The conventional treatment for the most prevalent mycosis in Latin America, paracoccidioidomycosis (PCM), involves long periods of therapy that results in side effects and a high frequency of relapses. The search for a new, alternative treatment is necessary. Pb40 is an antigenic protein from P. brasiliensis fraction F0. This fraction has already been shown to have significant protective activity when used as a PCM vaccine in experimental models. The complete cDNA sequence corresponding to Pb40 was cloned into a pET-21a plasmid, expressed in E. coli with a his-tag and purified by affinity chromatography.

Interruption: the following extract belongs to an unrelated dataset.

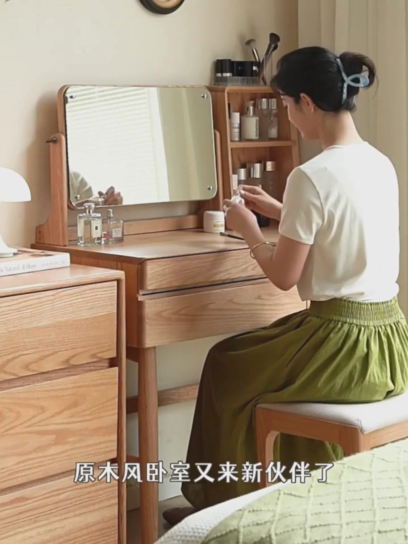 Oak, Beech Solid Wood Nordic Style Dressing Table.

The predicted protein sequence exhibited nearly 100% homology to a fragment of the hypothetical EF-hand domain containing protein of P. brasiliensis. Immunization with this recombinant protein was used together with chemotherapy in an attempt to improve PCM treatment. The combined drug/rPb40 treatment exhibited long-lasting control of PCM in the liver and spleen and largely preserved the tissue structures of these organs. Despite the lack of a reduction in CFUs in the group that received the combined treatment, there was a significant reduction in the size of the lesions in the lungs after 70 days of infection. At the same time, the IL-10 levels were higher in the treated mice than in the infected-only mice. Moreover, significant levels of rPb40-specific IgG antibodies were detected in the sera of immunized mice. Thus, the treatment protocol consisting of rPb40 immunization in addition to fluconazole chemotherapy showed an additive protective effect after intratracheal challenge, preventing fungal dissemination to other sites of infection and preventing relapses. These results provide new prospects for PCM immunotherapy.